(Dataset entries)
──────

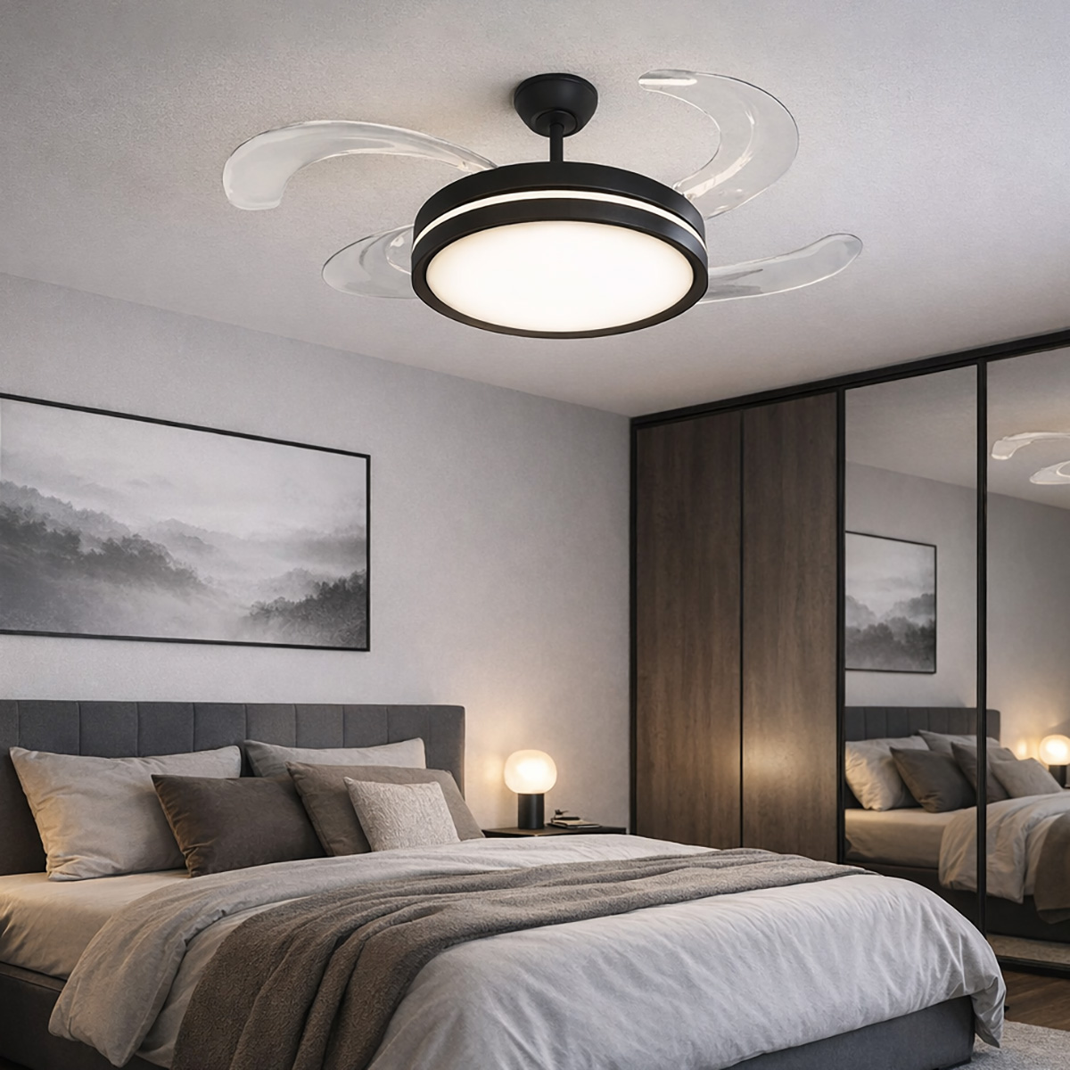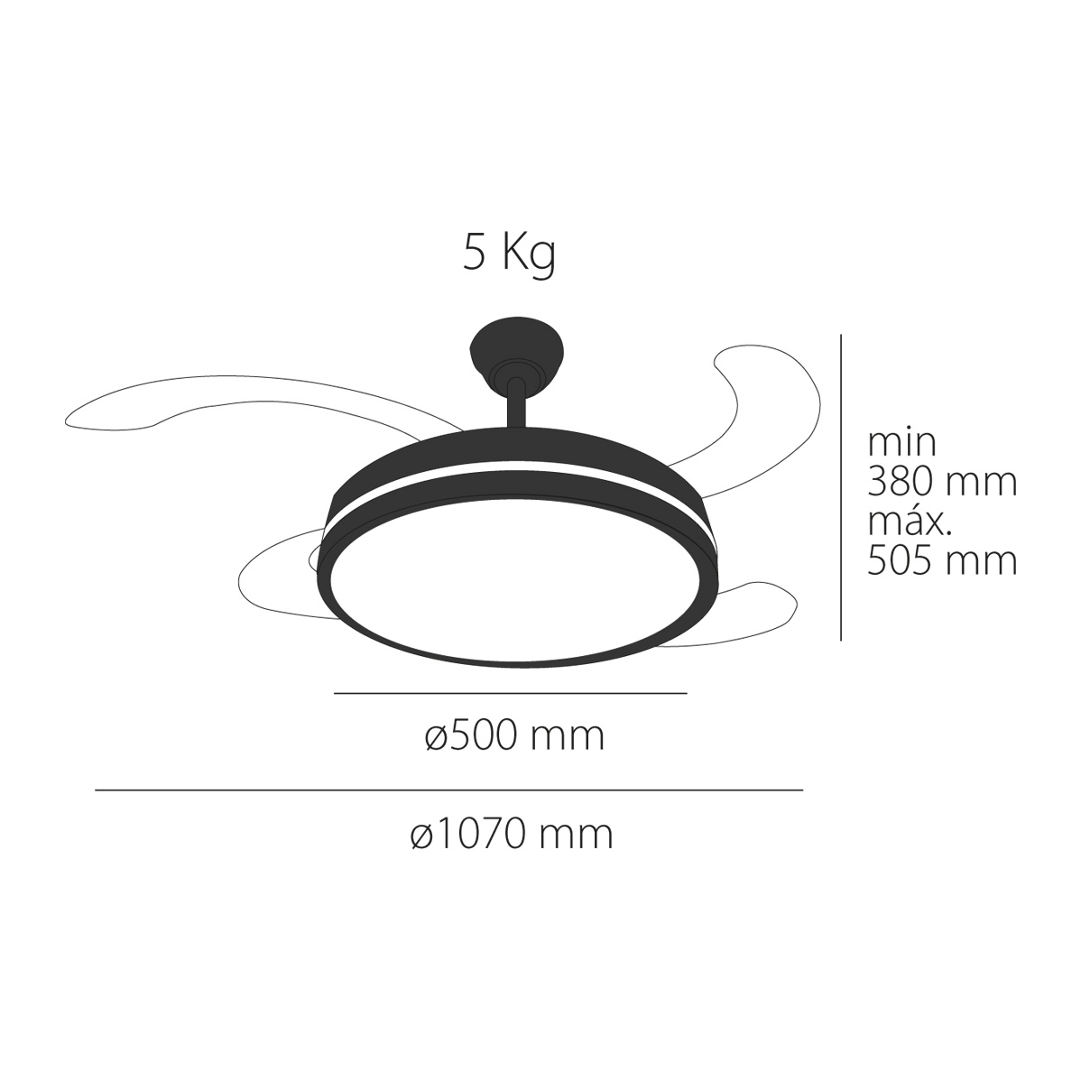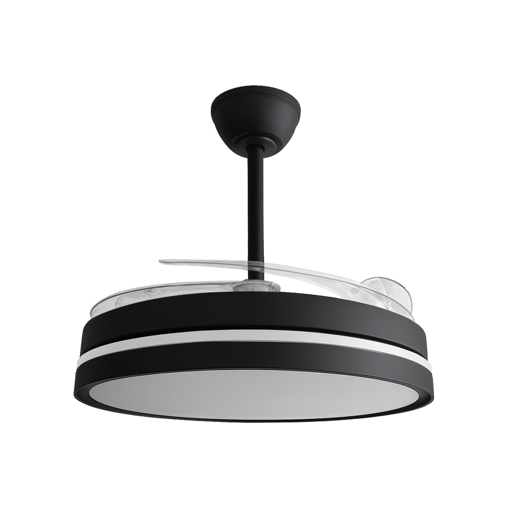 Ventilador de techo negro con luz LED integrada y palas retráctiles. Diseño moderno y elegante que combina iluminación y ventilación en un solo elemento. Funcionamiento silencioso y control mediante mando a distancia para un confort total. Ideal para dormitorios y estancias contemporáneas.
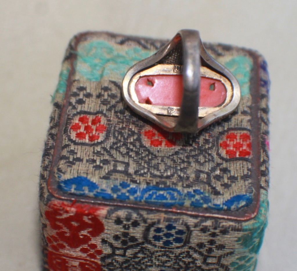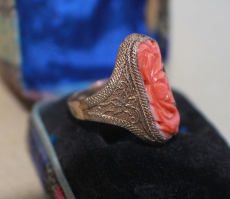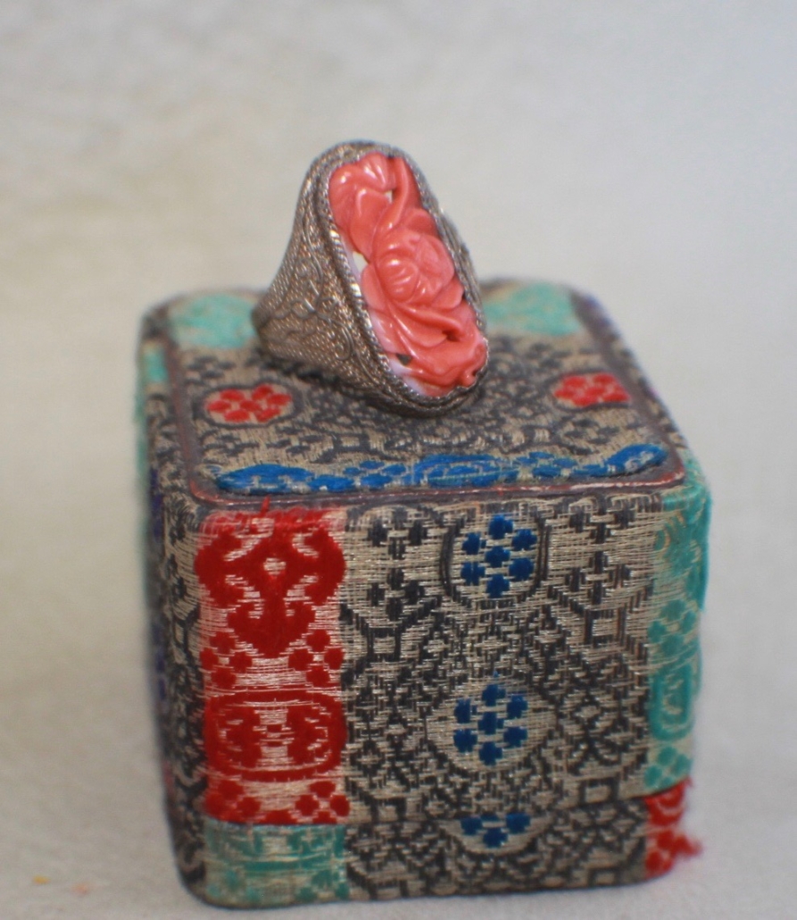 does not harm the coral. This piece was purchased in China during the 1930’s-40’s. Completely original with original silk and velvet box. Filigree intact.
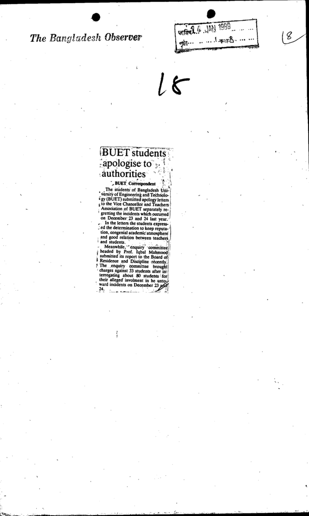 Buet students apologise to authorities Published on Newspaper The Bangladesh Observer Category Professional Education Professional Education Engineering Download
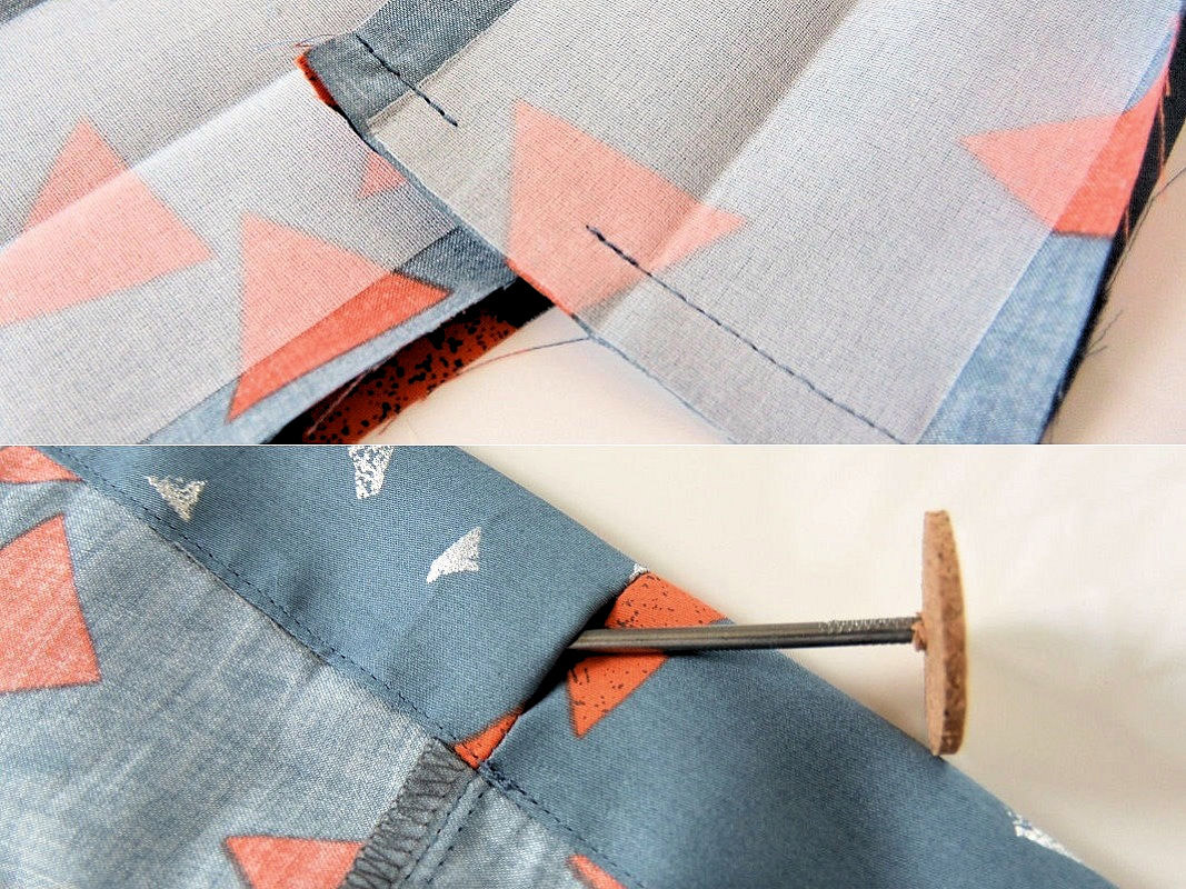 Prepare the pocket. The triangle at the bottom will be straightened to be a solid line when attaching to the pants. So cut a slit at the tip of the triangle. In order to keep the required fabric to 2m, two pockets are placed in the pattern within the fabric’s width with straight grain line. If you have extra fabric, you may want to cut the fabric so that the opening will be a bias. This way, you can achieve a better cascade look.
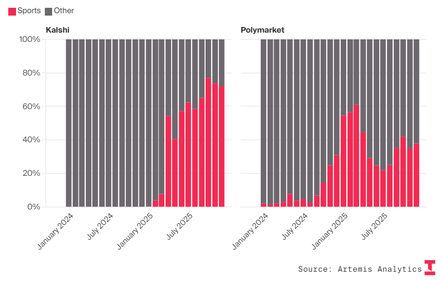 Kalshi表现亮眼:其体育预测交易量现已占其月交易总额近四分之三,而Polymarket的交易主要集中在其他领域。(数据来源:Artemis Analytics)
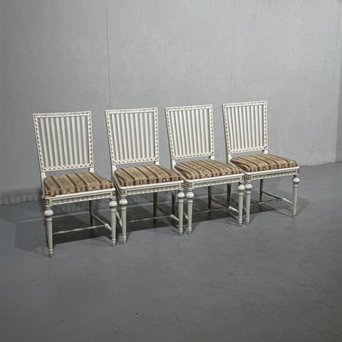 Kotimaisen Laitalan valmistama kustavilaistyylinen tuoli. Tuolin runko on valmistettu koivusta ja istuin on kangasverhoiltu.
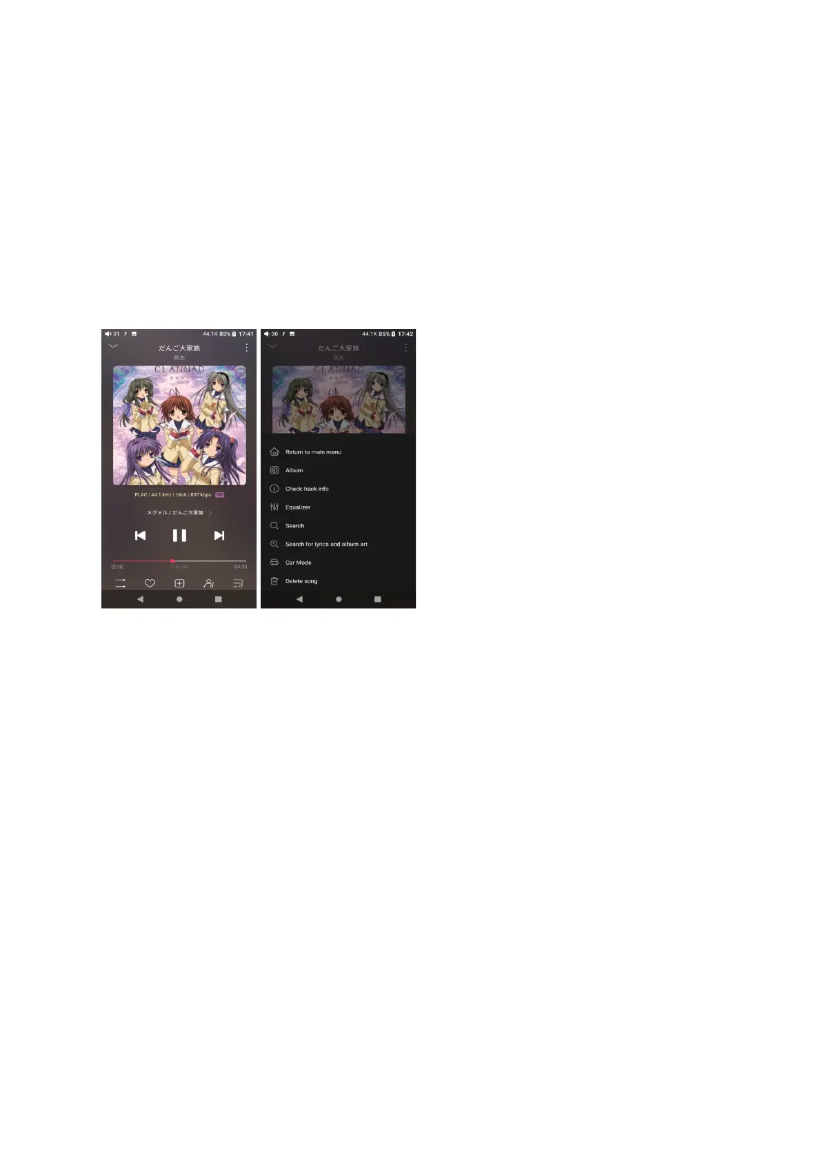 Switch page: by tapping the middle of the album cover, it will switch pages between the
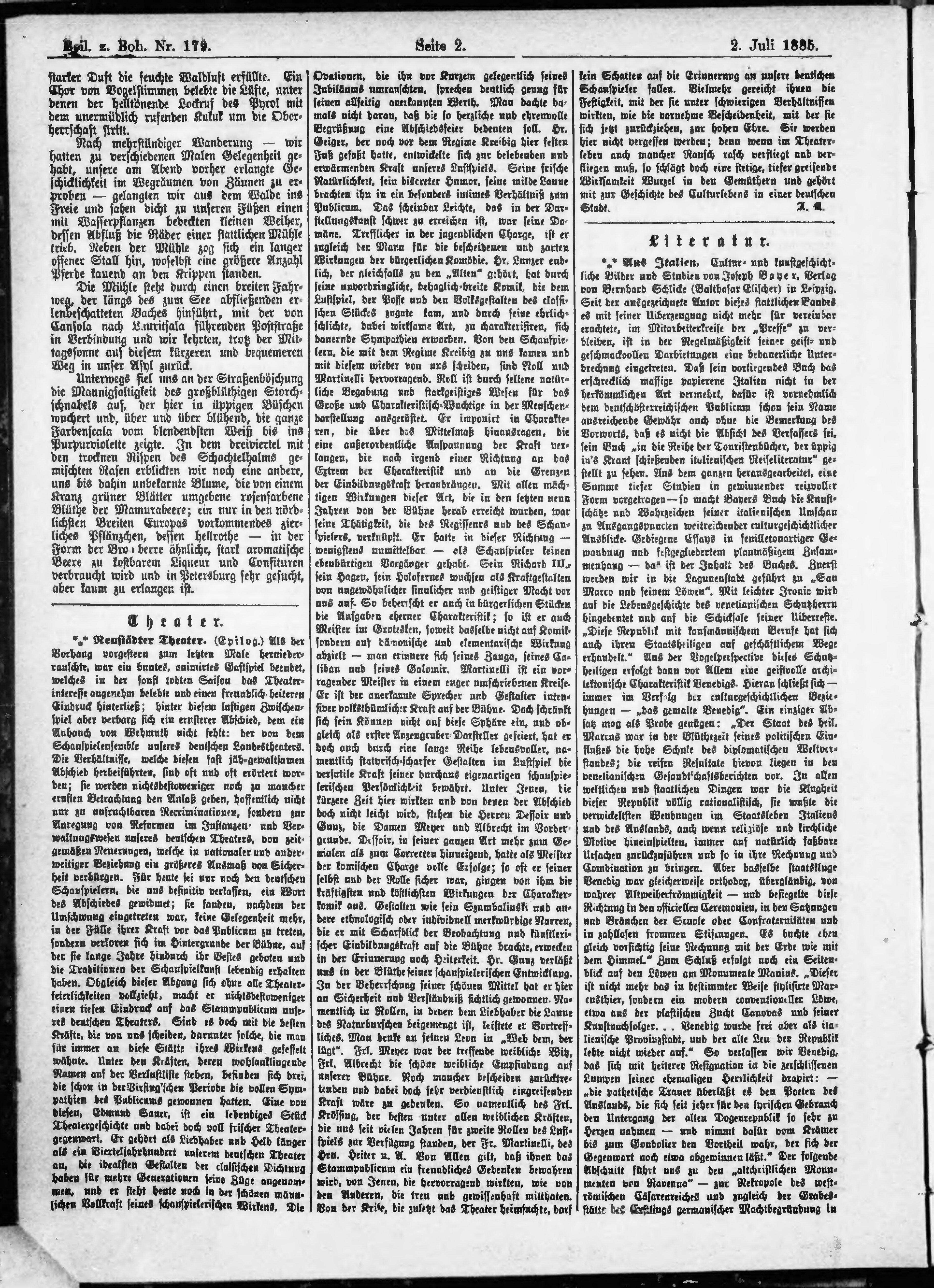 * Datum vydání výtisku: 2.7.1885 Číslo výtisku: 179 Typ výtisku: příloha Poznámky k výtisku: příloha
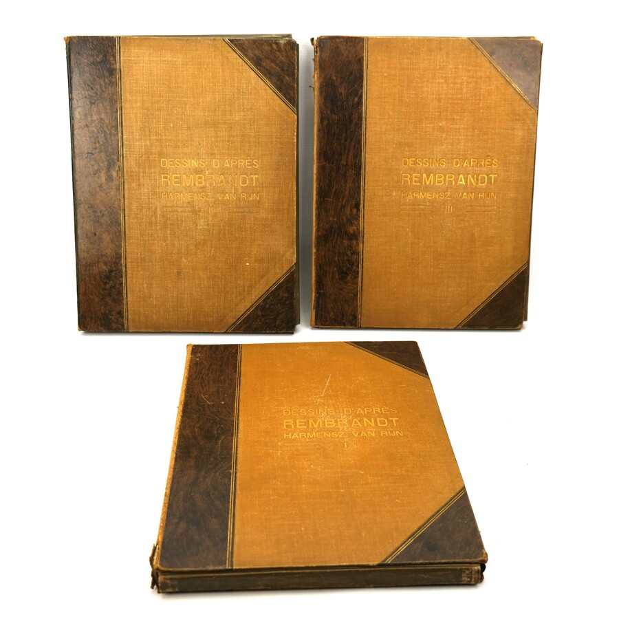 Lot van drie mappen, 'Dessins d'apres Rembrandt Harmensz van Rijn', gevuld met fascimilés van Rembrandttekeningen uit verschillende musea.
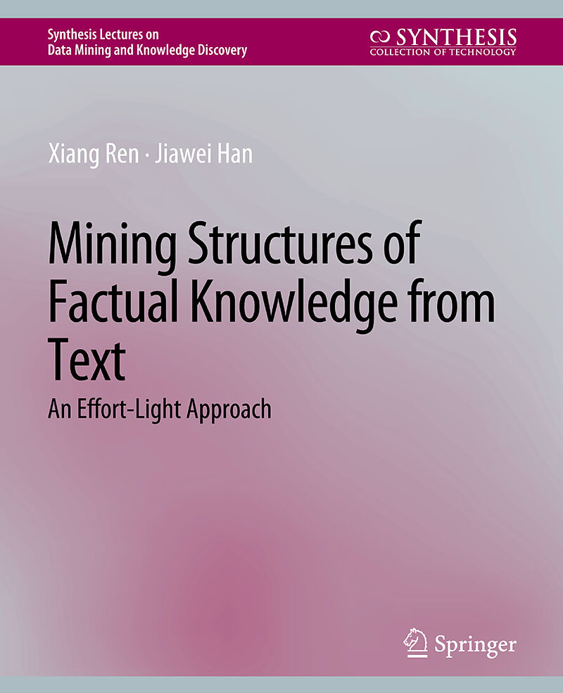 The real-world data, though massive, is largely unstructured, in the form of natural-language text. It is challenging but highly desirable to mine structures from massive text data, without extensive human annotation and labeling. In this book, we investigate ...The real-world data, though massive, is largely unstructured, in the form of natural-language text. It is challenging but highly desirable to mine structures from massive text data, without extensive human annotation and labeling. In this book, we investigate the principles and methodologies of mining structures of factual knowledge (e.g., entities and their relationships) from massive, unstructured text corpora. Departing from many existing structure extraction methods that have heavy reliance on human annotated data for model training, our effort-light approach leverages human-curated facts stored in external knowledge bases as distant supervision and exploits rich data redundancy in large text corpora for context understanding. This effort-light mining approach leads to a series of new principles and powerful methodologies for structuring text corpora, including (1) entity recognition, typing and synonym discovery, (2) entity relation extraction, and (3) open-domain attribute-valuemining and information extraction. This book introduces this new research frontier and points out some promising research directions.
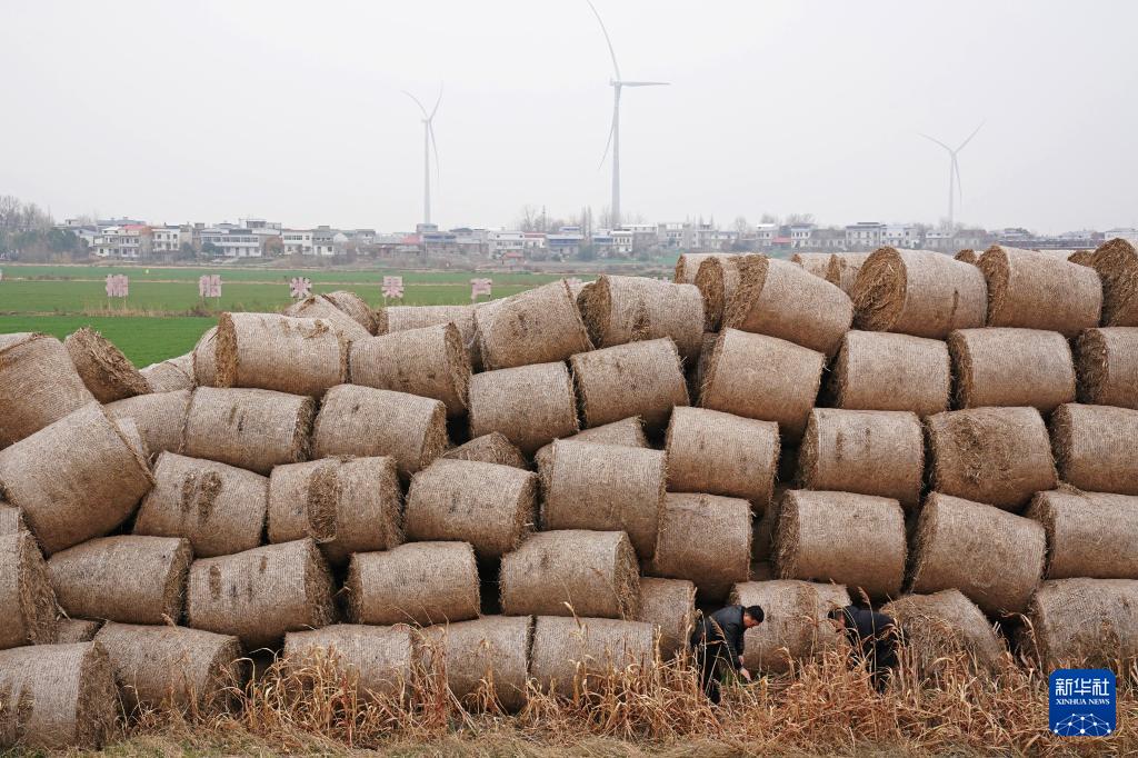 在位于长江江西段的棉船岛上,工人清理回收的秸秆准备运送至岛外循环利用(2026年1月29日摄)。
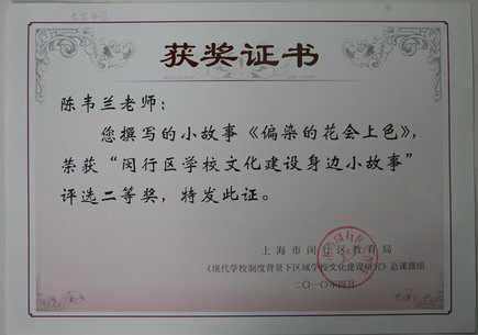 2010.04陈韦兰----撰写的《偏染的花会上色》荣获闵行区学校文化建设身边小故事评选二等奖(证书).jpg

──────

What belongs in the answer is each line above from the line with "Prepare the pocket." to the line with "Switch page: by", inclusive, reproduced exactly and free of pictures.

Answer for the task:
 Prepare the pocket. The triangle at the bottom will be straightened to be a solid line when attaching to the pants. So cut a slit at the tip of the triangle. In order to keep the required fabric to 2m, two pockets are placed in the pattern within the fabric’s width with straight grain line. If you have extra fabric, you may want to cut the fabric so that the opening will be a bias. This way, you can achieve a better cascade look.
 Kalshi表现亮眼:其体育预测交易量现已占其月交易总额近四分之三,而Polymarket的交易主要集中在其他领域。(数据来源:Artemis Analytics)
 Kotimaisen Laitalan valmistama kustavilaistyylinen tuoli. Tuolin runko on valmistettu koivusta ja istuin on kangasverhoiltu.
 Switch page: by tapping the middle of the album cover, it will switch pages between the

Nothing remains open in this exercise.